### SUPPLIED RECORDS
==================================================

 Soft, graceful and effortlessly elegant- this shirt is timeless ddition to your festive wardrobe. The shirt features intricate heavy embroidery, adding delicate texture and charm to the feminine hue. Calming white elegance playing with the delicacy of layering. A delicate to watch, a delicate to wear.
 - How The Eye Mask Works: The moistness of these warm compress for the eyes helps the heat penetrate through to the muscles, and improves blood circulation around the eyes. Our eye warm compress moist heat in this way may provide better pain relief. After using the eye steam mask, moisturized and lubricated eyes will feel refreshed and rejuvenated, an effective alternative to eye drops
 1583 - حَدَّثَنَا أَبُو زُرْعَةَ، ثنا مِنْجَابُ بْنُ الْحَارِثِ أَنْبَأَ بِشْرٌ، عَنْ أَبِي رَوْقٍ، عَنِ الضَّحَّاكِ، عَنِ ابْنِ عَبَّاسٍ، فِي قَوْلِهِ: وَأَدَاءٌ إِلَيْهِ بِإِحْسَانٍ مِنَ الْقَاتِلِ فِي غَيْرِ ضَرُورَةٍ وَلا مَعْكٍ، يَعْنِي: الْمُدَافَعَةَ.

==================================================

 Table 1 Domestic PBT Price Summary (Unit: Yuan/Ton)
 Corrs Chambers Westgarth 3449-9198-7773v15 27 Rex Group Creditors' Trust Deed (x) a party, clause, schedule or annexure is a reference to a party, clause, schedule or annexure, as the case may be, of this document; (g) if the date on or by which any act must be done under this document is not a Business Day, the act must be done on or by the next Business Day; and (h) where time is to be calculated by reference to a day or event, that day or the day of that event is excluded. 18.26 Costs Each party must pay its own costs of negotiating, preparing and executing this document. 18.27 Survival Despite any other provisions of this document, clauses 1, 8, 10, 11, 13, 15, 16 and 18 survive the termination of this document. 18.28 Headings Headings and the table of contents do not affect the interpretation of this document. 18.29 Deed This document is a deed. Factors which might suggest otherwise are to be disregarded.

==================================================

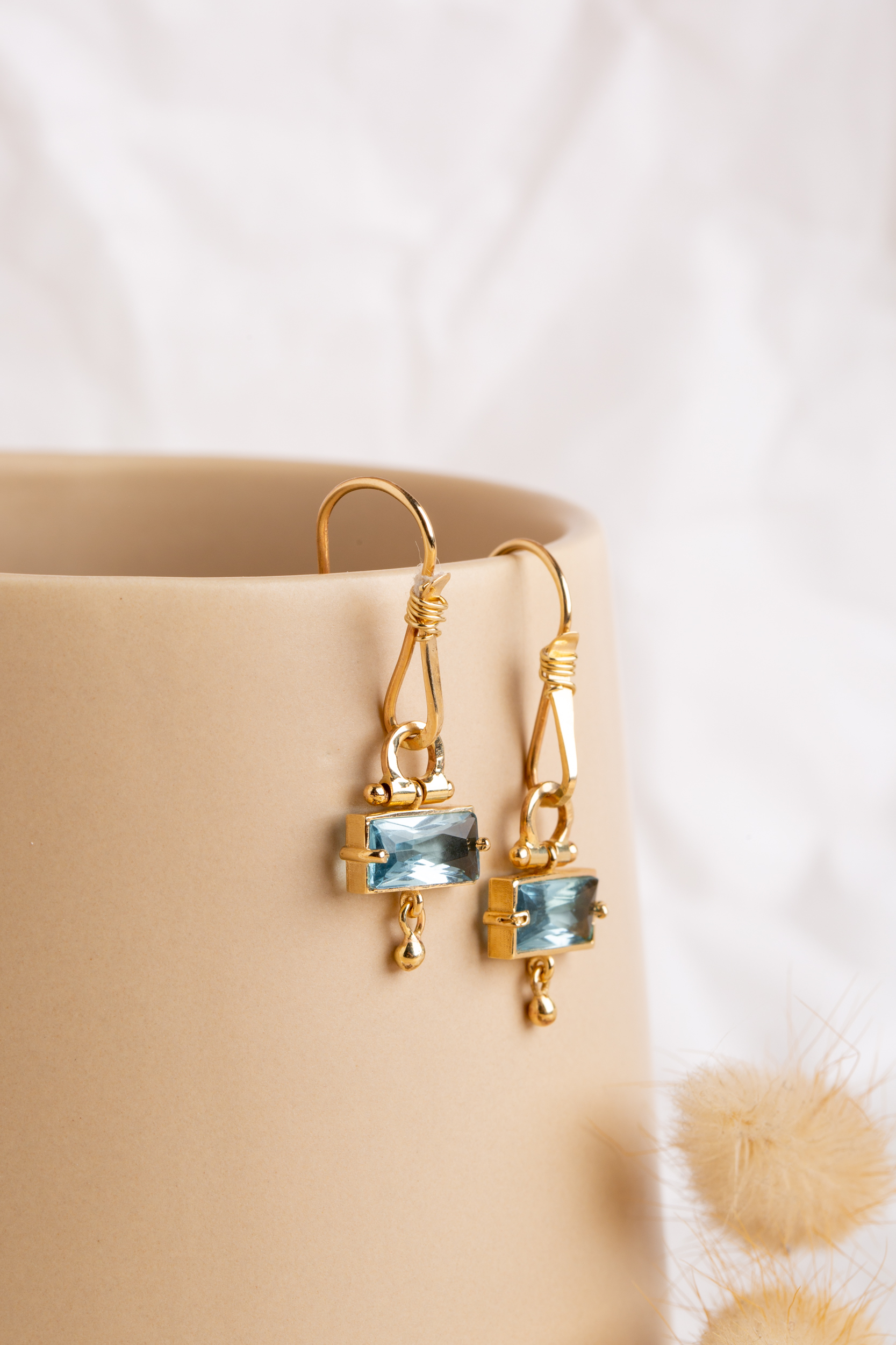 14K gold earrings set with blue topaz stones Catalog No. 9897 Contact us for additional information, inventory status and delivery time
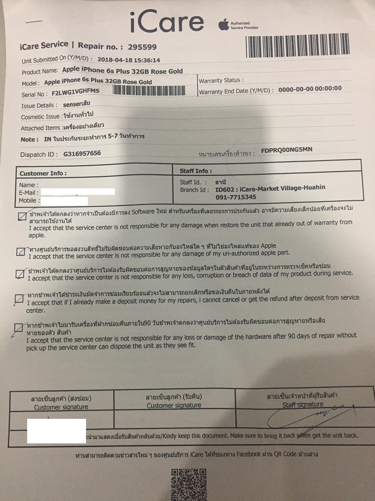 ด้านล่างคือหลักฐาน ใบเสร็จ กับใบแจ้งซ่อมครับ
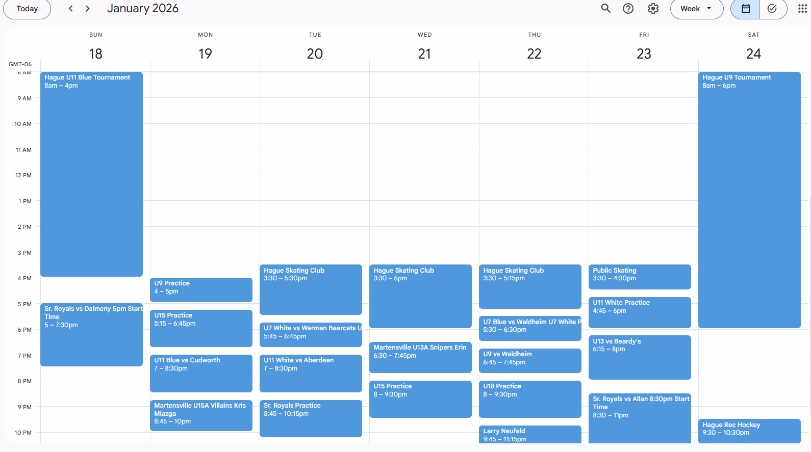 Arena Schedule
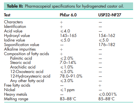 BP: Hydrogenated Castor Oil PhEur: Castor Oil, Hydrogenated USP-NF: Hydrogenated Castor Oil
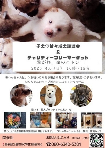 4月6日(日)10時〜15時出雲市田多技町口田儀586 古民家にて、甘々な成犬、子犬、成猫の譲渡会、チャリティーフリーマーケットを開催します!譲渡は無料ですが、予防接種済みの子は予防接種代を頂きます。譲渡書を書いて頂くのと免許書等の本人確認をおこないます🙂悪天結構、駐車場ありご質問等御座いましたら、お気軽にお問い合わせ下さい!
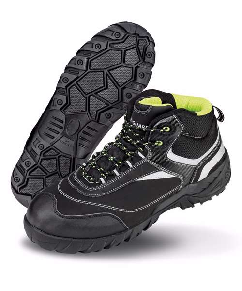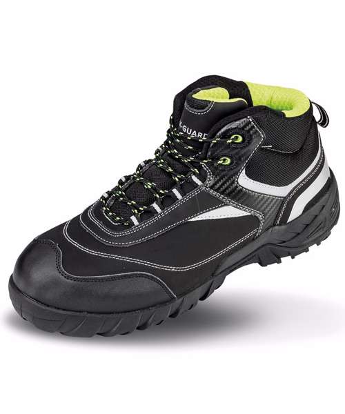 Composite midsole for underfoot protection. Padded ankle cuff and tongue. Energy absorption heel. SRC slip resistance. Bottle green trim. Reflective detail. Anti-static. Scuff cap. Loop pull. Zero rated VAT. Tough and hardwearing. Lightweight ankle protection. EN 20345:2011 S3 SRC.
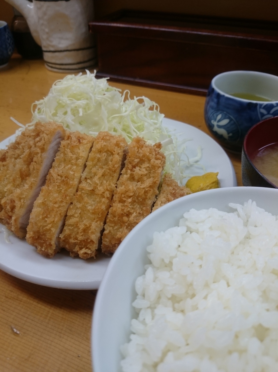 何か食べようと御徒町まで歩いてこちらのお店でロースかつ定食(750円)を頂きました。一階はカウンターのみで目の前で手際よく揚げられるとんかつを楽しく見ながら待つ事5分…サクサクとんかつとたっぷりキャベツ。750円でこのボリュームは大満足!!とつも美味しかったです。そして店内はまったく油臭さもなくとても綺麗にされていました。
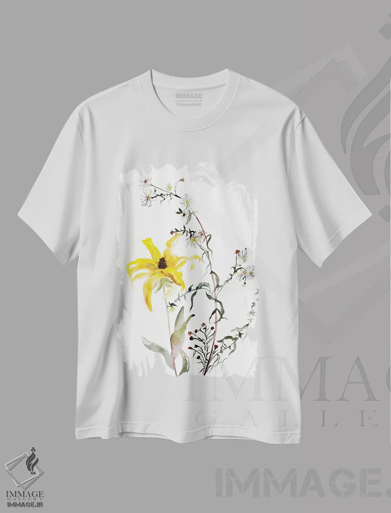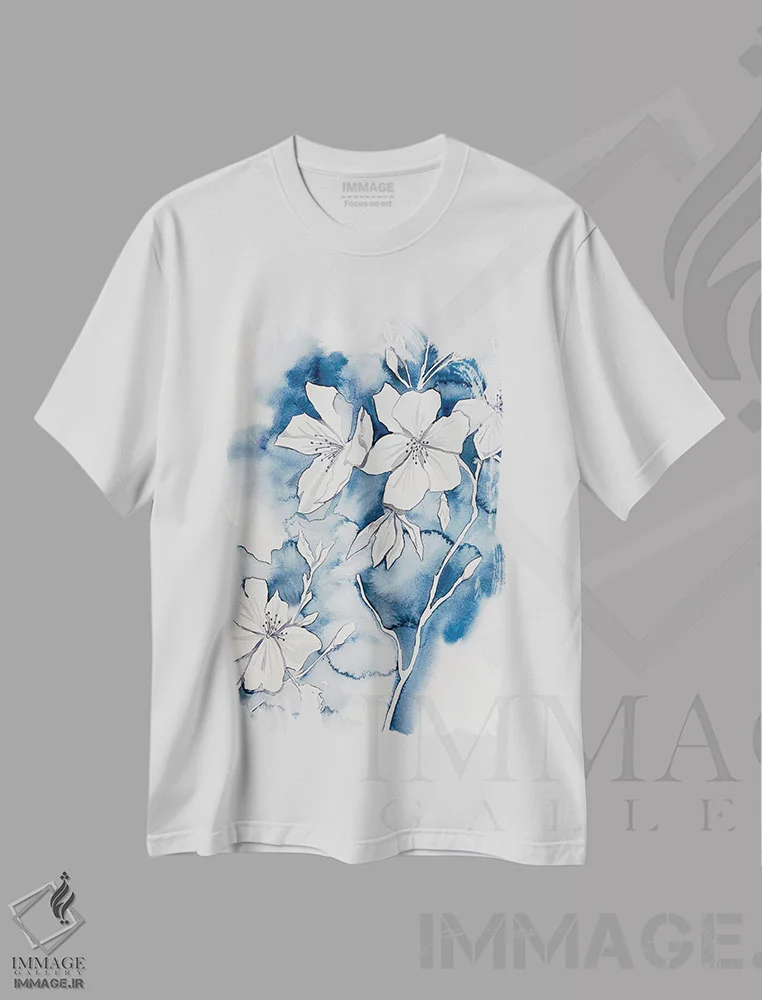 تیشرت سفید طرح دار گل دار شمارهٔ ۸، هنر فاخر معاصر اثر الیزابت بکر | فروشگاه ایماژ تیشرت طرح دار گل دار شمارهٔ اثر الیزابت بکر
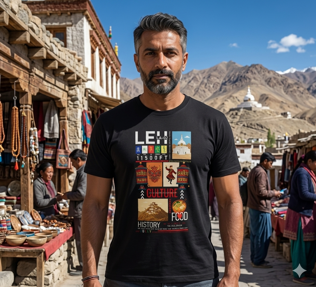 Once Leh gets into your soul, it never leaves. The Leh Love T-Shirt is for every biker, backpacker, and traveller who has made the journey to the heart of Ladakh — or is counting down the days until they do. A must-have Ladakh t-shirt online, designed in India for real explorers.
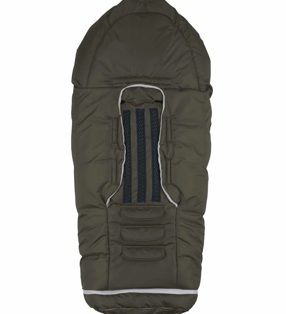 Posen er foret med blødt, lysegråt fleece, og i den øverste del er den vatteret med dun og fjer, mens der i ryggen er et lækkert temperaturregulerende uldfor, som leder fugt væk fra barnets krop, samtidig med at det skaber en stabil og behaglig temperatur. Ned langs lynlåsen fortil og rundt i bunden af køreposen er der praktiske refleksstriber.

==================================================

### REQUIRED WORK
The reply should hold exactly the lines above, starting at the line with "Once Leh gets" and ending at the line with "Posen er foret", and no pictures.

### PROBLEM SOLUTION
 Once Leh gets into your soul, it never leaves. The Leh Love T-Shirt is for every biker, backpacker, and traveller who has made the journey to the heart of Ladakh — or is counting down the days until they do. A must-have Ladakh t-shirt online, designed in India for real explorers.
 Posen er foret med blødt, lysegråt fleece, og i den øverste del er den vatteret med dun og fjer, mens der i ryggen er et lækkert temperaturregulerende uldfor, som leder fugt væk fra barnets krop, samtidig med at det skaber en stabil og behaglig temperatur. Ned langs lynlåsen fortil og rundt i bunden af køreposen er der praktiske refleksstriber.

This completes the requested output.